7. Lismullin Henge, Tara, Ireland
Early last year, archaeologists working on the route of a controversial highway near the village of Lismullin, Ireland, stumbled across a vast Iron Age ceremonial enclosure, or henge, surrounded by two concentric walls. The 2,000-year-old site is just over a mile from the Hill of Tara, traditional seat of the ancient Irish kings and site of St. Patrick's conversion of the Irish to Christianity in the fifth century A.D. The discovery of the massive henge, measuring more than 260 feet in diameter, confirms the long-held belief that the area around the hill contains a rich complex of monuments.

8. Polynesian Chickens in Chile
Scholars have long assumed the Spaniards first introduced chickens to the New World along with horses, pigs, and cattle. But now radiocarbon dating and DNA analysis of a chicken bone excavated from a site in Chile suggest Polynesians in oceangoing canoes brought chickens to the west coast of South America well before Europe's "Age of Discovery."

9. Homo habilis & Homo erectus, Kenya
Whether they are mother-and-daughter species or two sisters, the relationship between Homo habilis and Homo erectus is becoming strained. A pair of discoveries near Lake Ileret in Kenya call into question the idea that H. erectus, the species from which modern humans evolved, is descended from H. habilis, the earliest hominid known to use stone tools.
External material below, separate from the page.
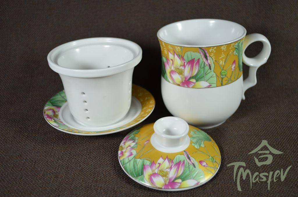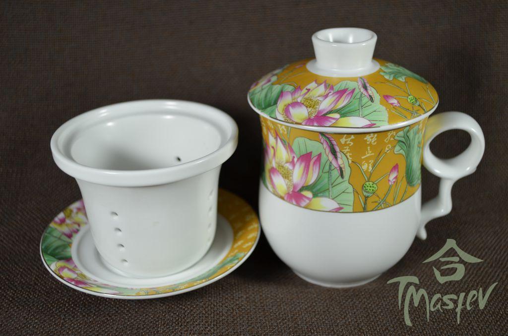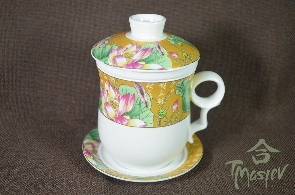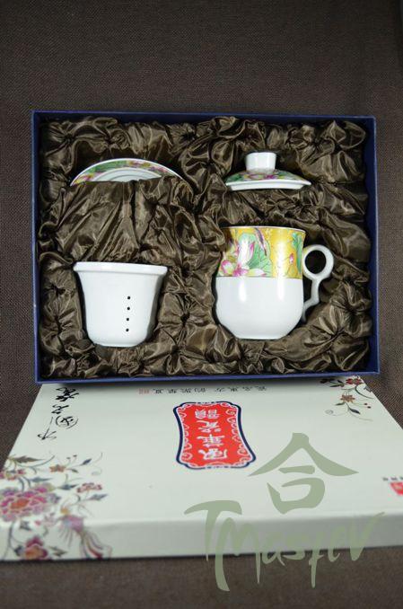Набор для чаепития на 6 персон из фарфора. В набор входят: чайник, чаша для чая, колба для заваривания чая, баночка для хранения чая, гайвань, кружка для заваривания чая, сито, мирная чаша, 6 пиал, чаша для ополаскивания пиал, полотенце и щипцы.
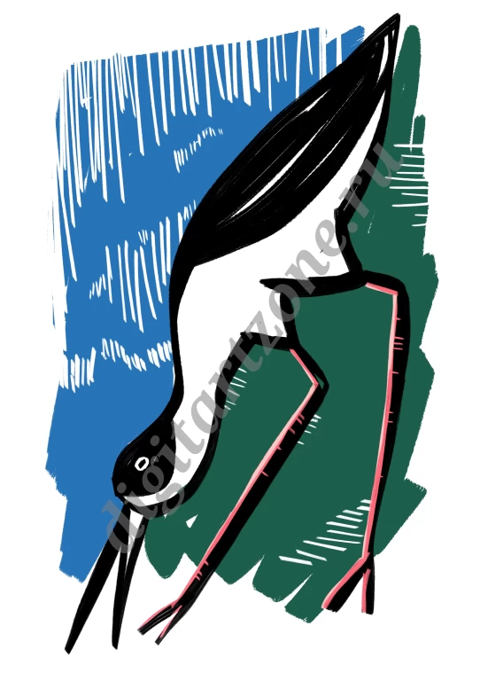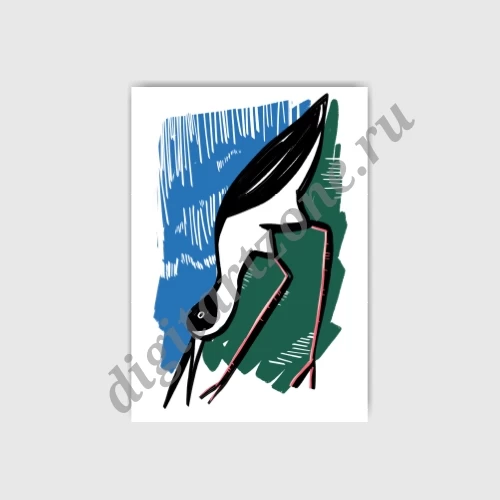 На изображении представлена цапля, стоящая на одной ноге в характерной для нее позе. Птица изображена в стилизованной манере, с акцентом на ее характерные черты: длинный клюв, изогнутую шею и длинные ноги. Фон выполнен в синих и зеленых тонах, что создает контраст и подчеркивает грацию птицы.

10. Greater Angkor, Cambodia
The capital of a Khmer state that flourished between the ninth and fifteenth centuries, Cambodia's Angkor is one of the most intensively studied sites in the world. But it continues to inspire more questions than answers, the most fundamental being why the sophisticated Khmer Empire collapsed. In 2007, research into the mysteries of the world's largest preindustrial city reached a milestone with the completion of a 10-year mapping project, which yielded clues suggesting that the sprawling metropolis may have collapsed under self-induced environmental pressures related to overpopulation and deforestation.
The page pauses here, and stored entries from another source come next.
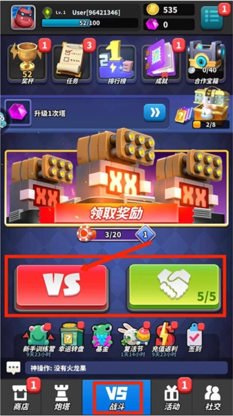 进入【战斗界面】后,能看到玩家的奖杯数量、任务、排行榜与成就,还可以领取奖励。其中【VS】是单人匹配模式,【5/5】为好友组队模式,选择所需模式即可开启游戏对战,以下以【VS】为例进行说明。
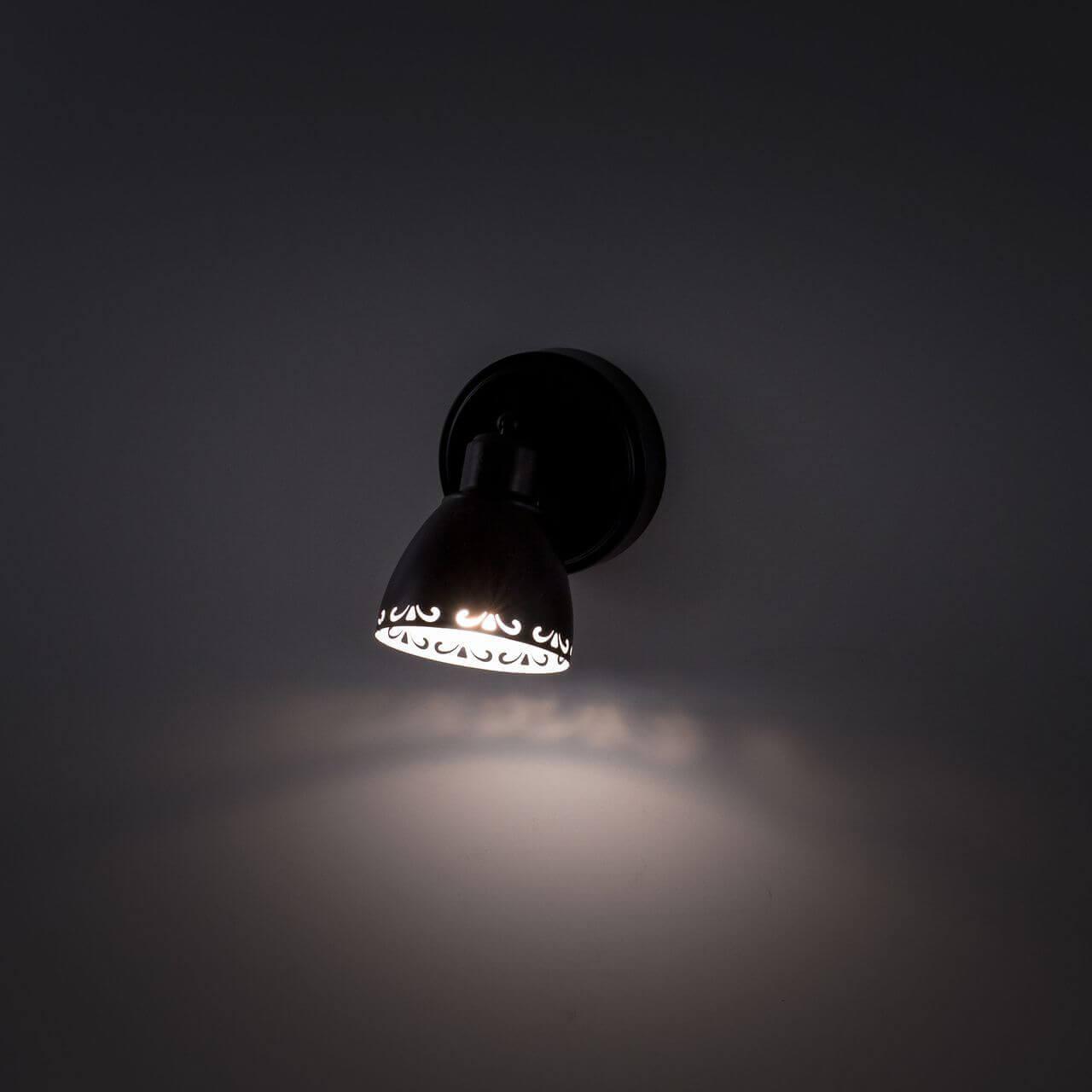 Для спота необходима 1 лампа накаливания 60 W и цоколем E14. Габариты изделия: высота – 200 мм, диаметр – мм.
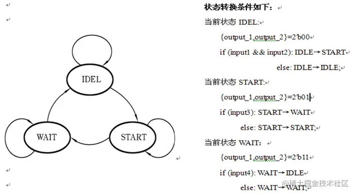 下面以图所示的状态图说明在状态位里编码输出的方法。图中,状态机共有三个状态:IDLE,START和WAIT,输入信号为:input_1,input_2,input_3,input_4。这些输入信号的不同逻辑组合就构成了状态之间跳转的条件。
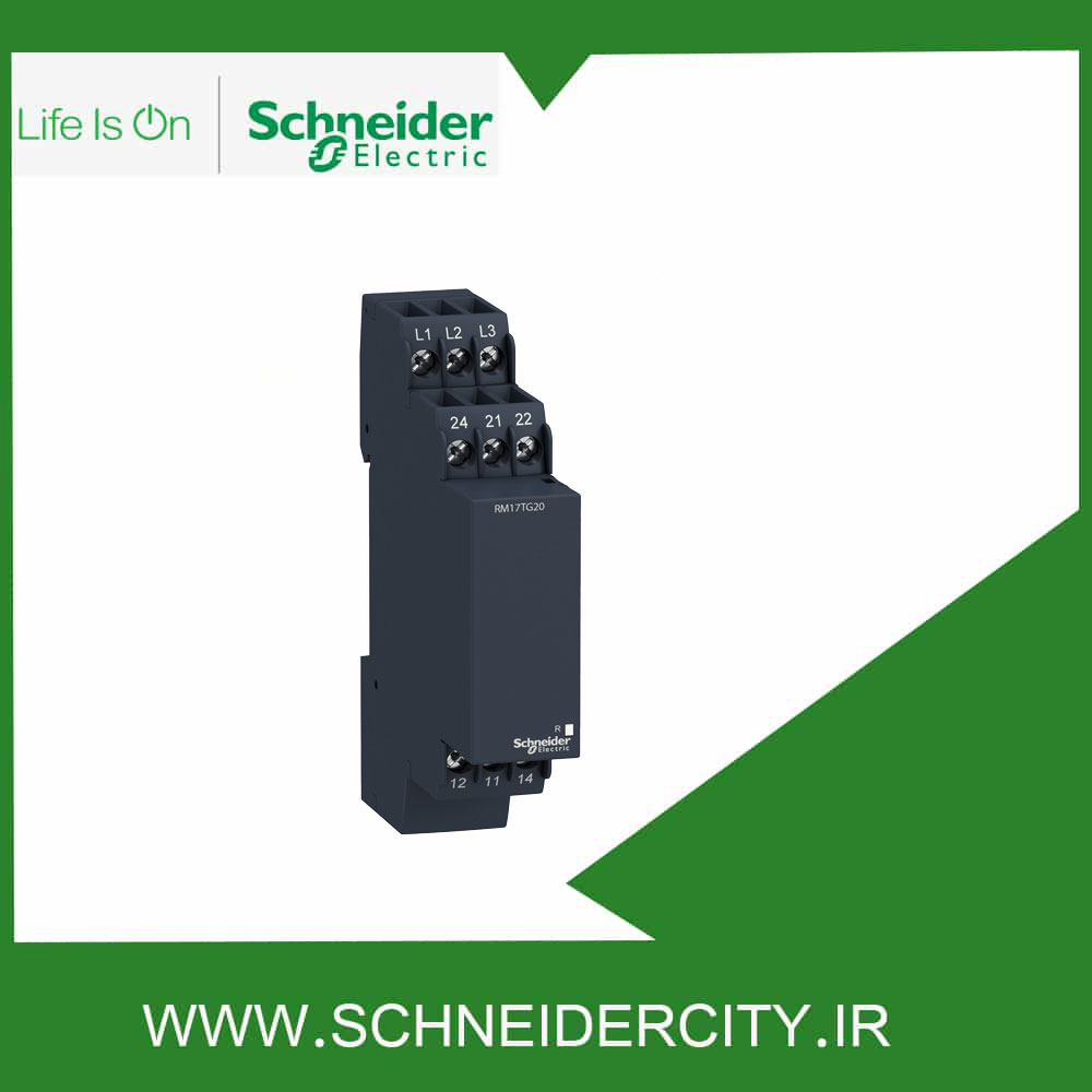 RM17TG20 اشنایدر قادر است تغییر توالی فازها را در مدارهای الکتریکی تشخیص دهد. قطع بودن یک یا دو فاز را تشخیص داده و به محض قطع شدن یک فاز، مدار فرمان را قطع کند. تشخیص کاهش و افزایش ولتاژ و اعلام آن به واسطه نشانگر و همچنین حساسیت در برابر عدم تقارن ولتاژ سه فاز، از دیگر ویژگی‌ های این رله کنترل محسوب می شود.

Wow, I am going to have to get the magazine and read up on some of these. The Clovis story is definitely of importance to Montana's archaeology. And the likelihood that Polynesians may have reached the Americas before the European entrance, at least in some locations, is not only interesting on its own, but since the controversial Kennewick Man had some skeletal features more similar to either the Ainu of Hokkaido, or the Polynesians, this is something that makes you go, hmmm.